The aspect of time travel felt overall very well used. Past experiences affecting the future, but things in the future not affecting backwards; it feels like it should be obvious it works that way but it just felt like, well executed. this paragraph proves i need to get better at writing cause ultimately I just said I liked it
I also feel like the whole beginning section with the fair leading to the trial really makes you think harder about what to pay attention to and what matters: it teaches well without shoving it in your face. Might just be because I play a lot of RPGs and this is an older one, but I was able to discern the knowledge i needed easily.
Story
So to clarify here, I know there are multiple endings, but I got two; the Die To Lavos Ending not sure why i got this one nope and the real ending; I tried to do everything that I possibly could, so that was my experience.

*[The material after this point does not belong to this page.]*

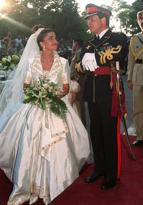 10. فستان زفاف الملكة رانيا: أقيم حفل زفاف الملكة رانيا وزوجها العاهل الأردني الملك عبدالله الثاني في قصر الزهران في عام 1993. وقد ارتدت الملكة حينها فستاناً مميزاً من تصميم البريطاني بروس أولدفيلد الذي اشتهر في ذلك الوقت بتصاميمه الفريدة لليدي ديانا.
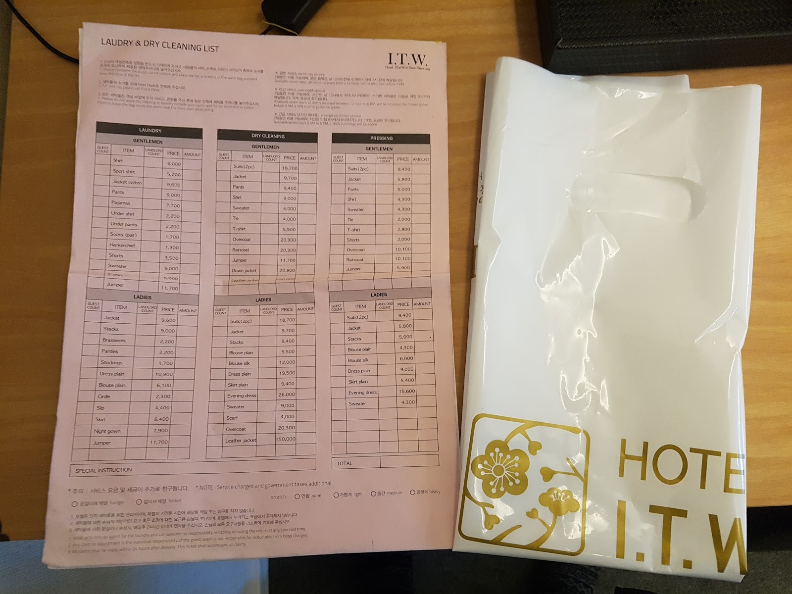 작은 호텔인데 런드리 서비스도 있답니다. 비닐 백도 런드리 용입니다.

It's great. I kinda loved how it was less a "party vs a bad time man" and more of a "party vs a natural calamity": I feel like that's not done often in games, there's usually a big bad (which I don't hate!) but it was a nice change of pace. I absolutely loved how each timeline had its own individual struggles, and the nature of time travel made them flow together very well in small ways (like defeating Magus makes Ozzie the worshipped one). Being able to go into it unspoiled really improved the huge moments, like Magus and Crono's big events (not gonna say in case there's someone like me out there), and I very much enjoyed guessing what would be next and what would affect what.

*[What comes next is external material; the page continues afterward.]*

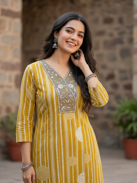 MRP (Inclusive of all taxes)Regular price ₹ 1,699.00₹ 1,699.00 Regular priceUnit price / per₹ 4,299.00Sale priceM L XL 2XL add to cartSale{"id":7833436717142,"title":"Ethnic Paisley Printed Mirror Work Straight Kurta with Palazzo - Mustard","handle":"ethnic-paisley-printed-mirror-work-straight-kurta-with-palazzo-mustard","description":"\u003ch1\u003e\u003cstrong\u003eHighlights\u003c\/strong\u003e\u003c\/h1\u003e\n\u003cp\u003eThis two-piece cotton set features a coordinated striped and ethnic paisley print in mustard base. Designed in a straight silhouette with a slight A-line flare, it offers both structure and ease. The round neckline is enhanced with a contrast asymmetric yoke that extends to one side of the chest, adding a modern touch. The yoke is detailed with multi-color embroidery and delicate mirror work with an inner contrast base that further elevates the design.\u003c\/p\u003e\n\u003cp\u003ePerfect for regular or office wear, this set blends comfort with understated ethnic charm.\u003c\/p\u003e\n\n\u003ch1\u003e\u003cstrong\u003eFabric \u0026amp; Colour\u003c\/strong\u003e\u003c\/h1\u003e\n\u003cul\u003e\n\u003cli\u003eTop Colour: Mustard\u003c\/li\u003e\n\u003cli\u003eTop Fabric: Cotton\u003c\/li\u003e\n\u003cli\u003eBottom Colour: Mustard\u003c\/li\u003e\n\u003cli\u003eBottom Fabric: Pure Cotton\u003c\/li\u003e\n\u003c\/ul\u003e\n\n\u003ch1\u003e\u003cstrong\u003eSpecifications\u003c\/strong\u003e\u003c\/h1\u003e\n\u003cul\u003e\n\u003cli\u003eTop Design: Ethnic print\u003c\/li\u003e\n\u003cli\u003eTop Craft: Mirror work, Embroidery\u003c\/li\u003e\n\u003cli\u003eTop Shape: Straight\u003c\/li\u003e\n\u003cli\u003eNeck: Round Neck\u003c\/li\u003e\n\u003cli\u003eSleeve Length: Three-Quarter Sleeves\u003c\/li\u003e\n\u003cli\u003eTop Length: Calf Length\u003c\/li\u003e\n\u003cli\u003eHemline: Straight\u003c\/li\u003e\n\u003cli\u003eSlit: Side Slits\u003c\/li\u003e\n\u003cli\u003eBottom Type: Palazzos\u003c\/li\u003e\n\u003cli\u003eBottom Closure: Slip-On\u003c\/li\u003e\n\u003cli\u003eWaistband: Elasticated\u003c\/li\u003e\n\u003c\/ul\u003e\n\n\u003cp\u003e\u003cstrong\u003eWash Care:\u003c\/strong\u003e Hand Wash\u003c\/p\u003e\n\n\u003ch1\u003e\u003cstrong\u003eLength (in inches)\u003c\/strong\u003e\u003c\/h1\u003e\n\u003cp\u003eKurta – 46, Sleeves – 17\u003cbr\u003eBottom – 36\u003c\/p\u003e\n\n\u003cp\u003eModel's Height: 5'7\". Wearing Size S.\u003c\/p\u003e\n\n\u003ch1\u003e\u003cstrong\u003eProduct Information\u003c\/strong\u003e\u003c\/h1\u003e\n\u003cp\u003eManufactured\/Packed\/Marketed By:\u003cbr\u003eFashor Lifestyle Pvt. Ltd.\u003cbr\u003e28\/30, Sudarshanpura Industrial Area,\u003cbr\u003eJaipur - 302006.\u003cbr\u003eCountry of Origin: India\u003c\/p\u003e","published_at":"2026-03-28T20:11:51+05:30","created_at":"2026-03-28T20:06:56+05:30","vendor":"FASHOR","type":"2P Kurta Set","tags":["1001-2000","2XL","casualwear","co-ord","Co-ord Set","colour_mustard","craft_mirror-work","design_ethnic-print","Everyday Wear","fabric_cotton","Kurta Set","L","M","Mirror Work","Office Wear","shape_straight","workwear","XL"],"price":169900,"price_min":169900,"price_max":169900,"available":true,"price_varies":false,"compare_at_price":429900,"compare_at_price_min":429900,"compare_at_price_max":429900,"compare_at_price_varies":false,"variants":[{"id":44262950830166,"title":"M","option1":"M","option2":null,"option3":null,"sku":"38-KBA34724B6FS","requires_shipping":true,"taxable":true,"featured_image":{"id":36559799877718,"product_id":7833436717142,"position":1,"created_at":"2026-03-28T20:02:53+05:30","updated_at":"2026-03-28T20:02:55+05:30","alt":null,"width":1080,"height":1440,"src":"\/\/fashor.com\/cdn\/shop\/files\/33184_1.png?v=1774708375","variant_ids":[44262950830166,44262950862934,44262950895702,44262950928470]},"available":true,"name":"Ethnic Paisley Printed Mirror Work Straight Kurta with Palazzo - Mustard - M","public_title":"M","options":["M"],"price":169900,"weight":0,"compare_at_price":429900,"inventory_quantity":2,"inventory_management":"shopify","inventory_policy":"deny","barcode":"","featured_media":{"alt":null,"id":28573569253462,"position":1,"preview_image":{"aspect_ratio":0.75,"height":1440,"width":1080,"src":"\/\/fashor.com\/cdn\/shop\/files\/33184_1.png?v=1774708375"}},"requires_selling_plan":false,"selling_plan_allocations":[]},{"id":44262950862934,"title":"L","option1":"L","option2":null,"option3":null,"sku":"40-KBA34724B6FS","requires_shipping":true,"taxable":true,"featured_image":{"id":36559799877718,"product_id":7833436717142,"position":1,"created_at":"2026-03-28T20:02:53+05:30","updated_at":"2026-03-28T20:02:55+05:30","alt":null,"width":1080,"height":1440,"src":"\/\/fashor.com\/cdn\/shop\/files\/33184_1.png?v=1774708375","variant_ids":[44262950830166,44262950862934,44262950895702,44262950928470]},"available":true,"name":"Ethnic Paisley Printed Mirror Work Straight Kurta with Palazzo - Mustard - L","public_title":"L","options":["L"],"price":169900,"weight":0,"compare_at_price":429900,"inventory_quantity":3,"inventory_management":"shopify","inventory_policy":"deny","barcode":"","featured_media":{"alt":null,"id":28573569253462,"position":1,"preview_image":{"aspect_ratio":0.75,"height":1440,"width":1080,"src":"\/\/fashor.com\/cdn\/shop\/files\/33184_1.png?v=1774708375"}},"requires_selling_plan":false,"selling_plan_allocations":[]},{"id":44262950895702,"title":"XL","option1":"XL","option2":null,"option3":null,"sku":"42-KBA34724B6FS","requires_shipping":true,"taxable":true,"featured_image":{"id":36559799877718,"product_id":7833436717142,"position":1,"created_at":"2026-03-28T20:02:53+05:30","updated_at":"2026-03-28T20:02:55+05:30","alt":null,"width":1080,"height":1440,"src":"\/\/fashor.com\/cdn\/shop\/files\/33184_1.png?v=1774708375","variant_ids":[44262950830166,44262950862934,44262950895702,44262950928470]},"available":true,"name":"Ethnic Paisley Printed Mirror Work Straight Kurta with Palazzo - Mustard - XL","public_title":"XL","options":["XL"],"

The Only Major issue I have is the 3 party limit, and character dialogue being locked to who you have. I feel like there would have been some really cool moments had everyone been there, like the campfire scene where everyone got their time.
Music
I mean, it's peak. I've already heard some of Mitsuda's work in later games, but hearing him here do (pretty much) the whole soundtrack was just a treat to my ears. The main theme is stuck playing in my head daily. The overworld and cutscene songs I think are where it shines, although I did really like the battle songs as well. and as always shoutouts to Uematsu we love that man.
Art
Again, a short section, but this game is beautiful, and I could tell that a lot of the techniques they used felt advanced for the time, like the time travel effect, or the car race; the spritework felt bouncy and alive, the backgrounds were beautifully detailed (Like Magus's Castle holy shit), and the entire game was a joy to look at.
Unspoiled
So yeah, I beat this game unspoiled somehow. I knew a couple characters like Crono and Lavos (the fact that they Existed), I've seen some backdrops like the campfire and Masamune in its sheath, and I've heard some songs; but other than that, I didn't know anything!
(warning for spoilers if you are like me and have gotten unspoiled don't read this)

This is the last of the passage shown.